¹ Department of Radiology, Shinshu University Hospital, 3-1-1, Matsumoto, Nagano, 390-8621, Japan; ² Kanazawa University, Graduate School of Medicine, 5-11-80, Kanazawa, Ishikawa, 920-0942, Japan

Received 10 July 2005; revised 19 January 2006; accepted 8 February 2006

Objectives: Image reconstruction from cone-beam projections collected along a single circular source trajectory is commonly done using the Feldkamp algorithm, which performs well only with a small cone angle. In this report, we propose an algorithm to reduce cone-beam artefacts by increasing the cone angle by several fold to achieve satisfactory image quality at the same radiation dose.
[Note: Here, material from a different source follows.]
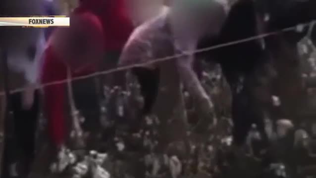 На кадрах видно, как пятиклассники собирают хлопок в мешки, в то время как надсмоторщик бьет в барабан.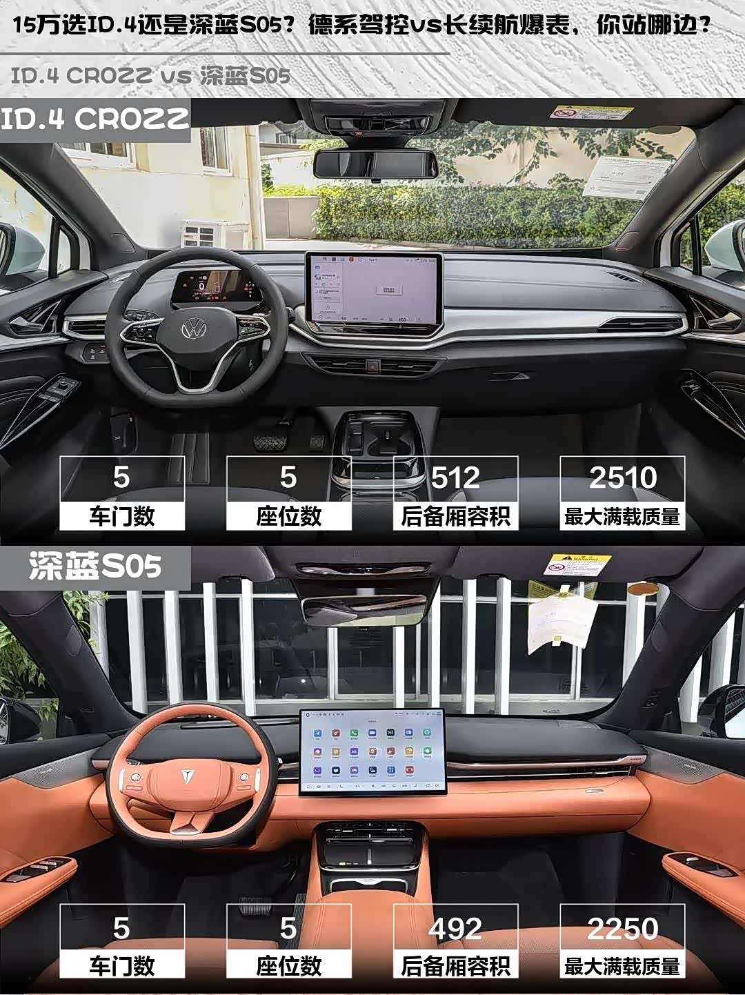要德系驾控+精准续航选ID.4 CROZZ,14万级配宁德电池性价比超高;追求长续航+智能体验选深蓝S05,620km续航+3C快充确实香。个人觉得ID.4适合技术控,深蓝更适合数码爱好者,你们会pick谁?

Methods: To examine the factors involved in the occurrence of cone-beam artefacts, a microspheres-phantom was arranged longitudinally at different positions and a computer simulation was performed. Due to differences in projection angle, data projected onto the detector surface were projected along trajectories shown as different periodic functions depending on the distance and position from the mid-plane position. Therefore, projection along several detector channels based on different projection data resulting from different periodic functions is considered responsible for the increase in cone-beam artefacts associated with an increase in the distance of reconstruction planes from the mid-plane position. Our recommended algorithm to reduce such artefacts features a change in weighting with respect to projection data obtained at different projection angles, three-dimensional back-projection of corrected projection data.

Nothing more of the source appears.